Data provided:
+ + +

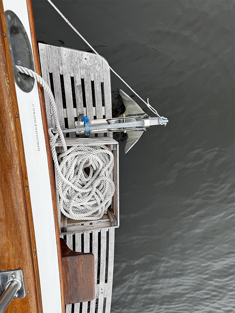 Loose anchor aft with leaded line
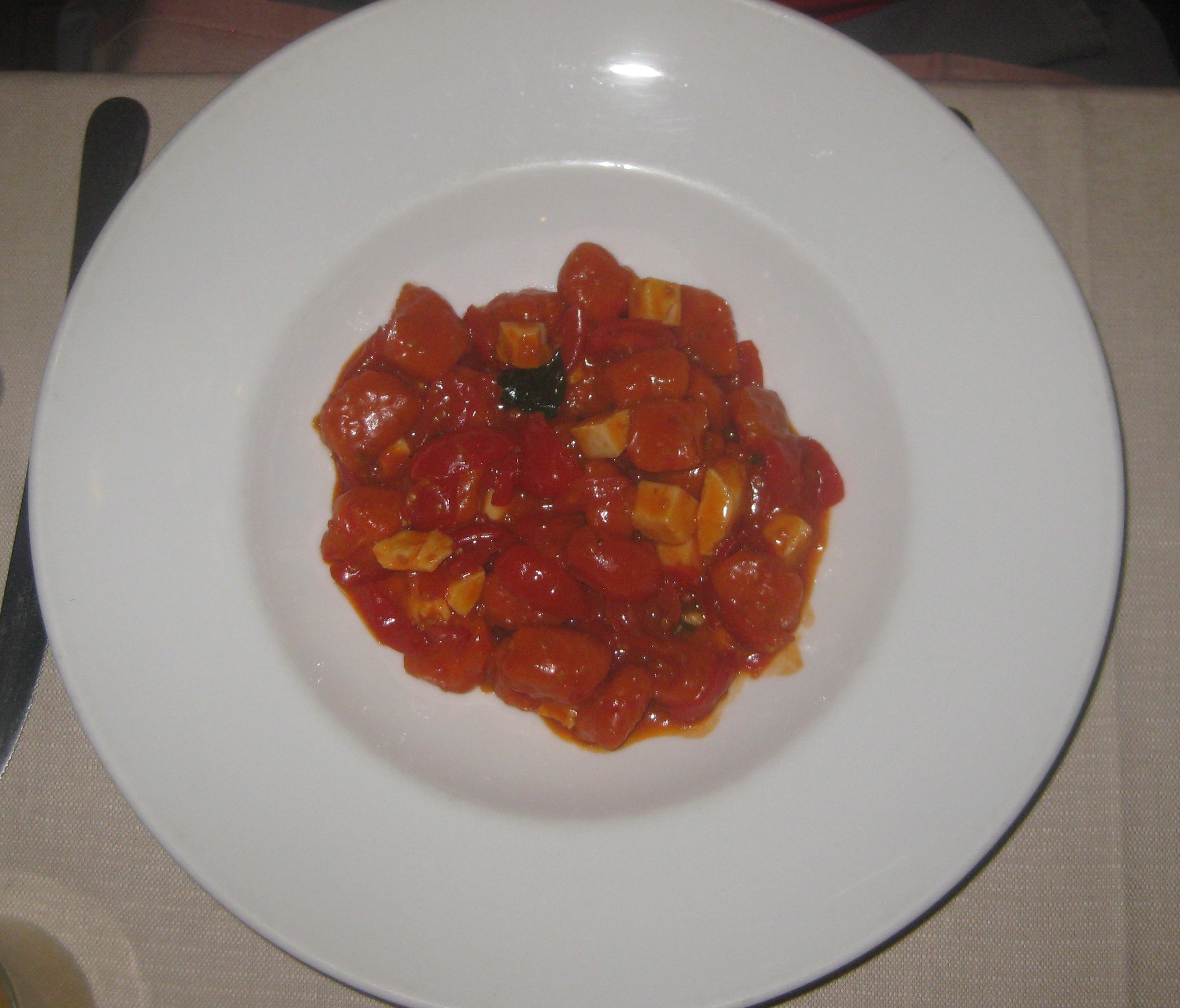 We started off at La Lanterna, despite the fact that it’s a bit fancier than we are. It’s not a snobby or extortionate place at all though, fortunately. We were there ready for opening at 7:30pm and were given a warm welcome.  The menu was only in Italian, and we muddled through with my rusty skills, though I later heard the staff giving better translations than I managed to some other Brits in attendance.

+ + +

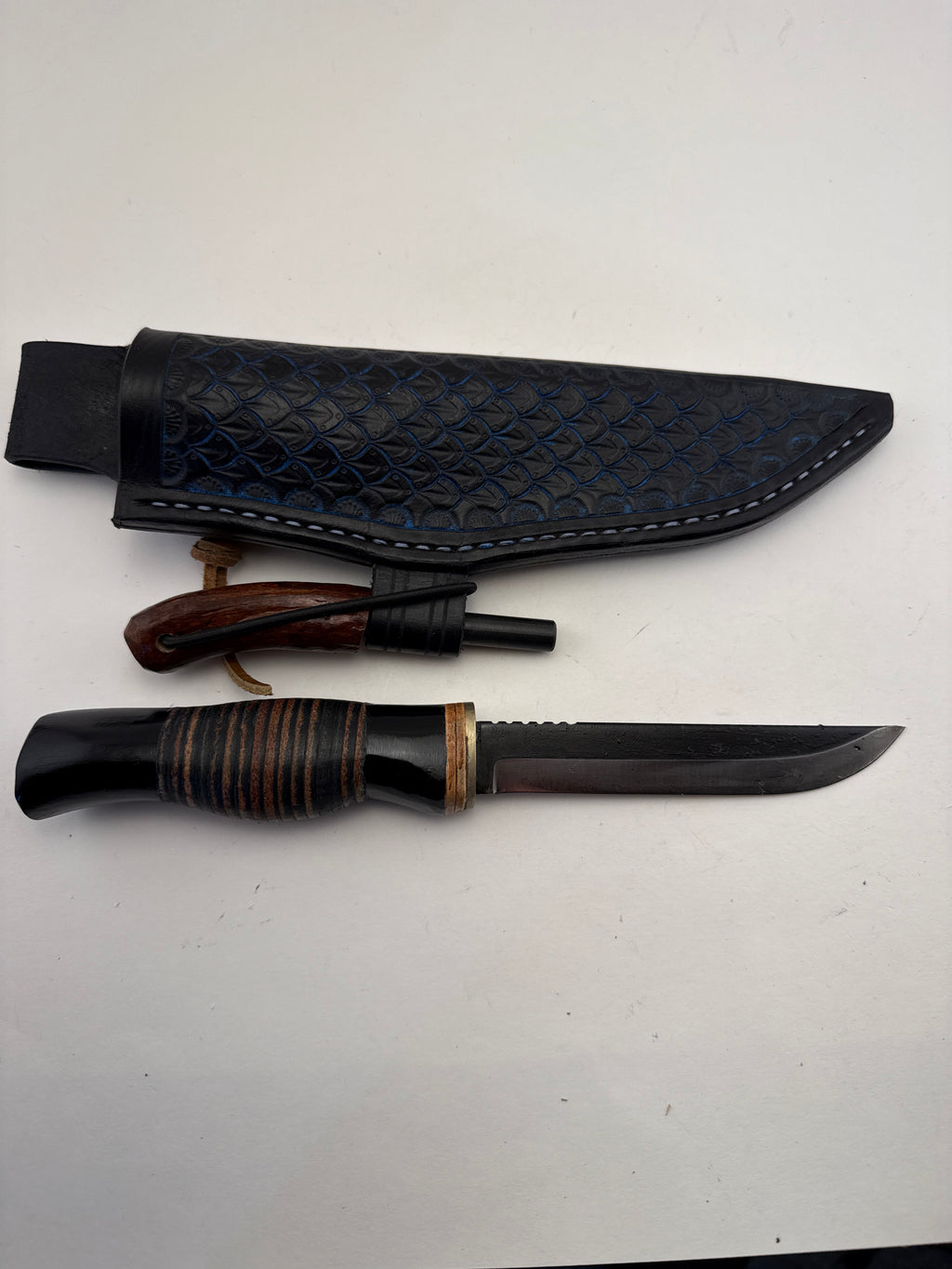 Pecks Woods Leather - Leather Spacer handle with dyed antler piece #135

+ + +

For this exercise, please set down exactly the lines of the listing above from the line with "Loose anchor aft with leaded line" up to and including the line with "We started off", and no pictures.

Response area:
 Loose anchor aft with leaded line
 We started off at La Lanterna, despite the fact that it’s a bit fancier than we are. It’s not a snobby or extortionate place at all though, fortunately. We were there ready for opening at 7:30pm and were given a warm welcome.  The menu was only in Italian, and we muddled through with my rusty skills, though I later heard the staff giving better translations than I managed to some other Brits in attendance.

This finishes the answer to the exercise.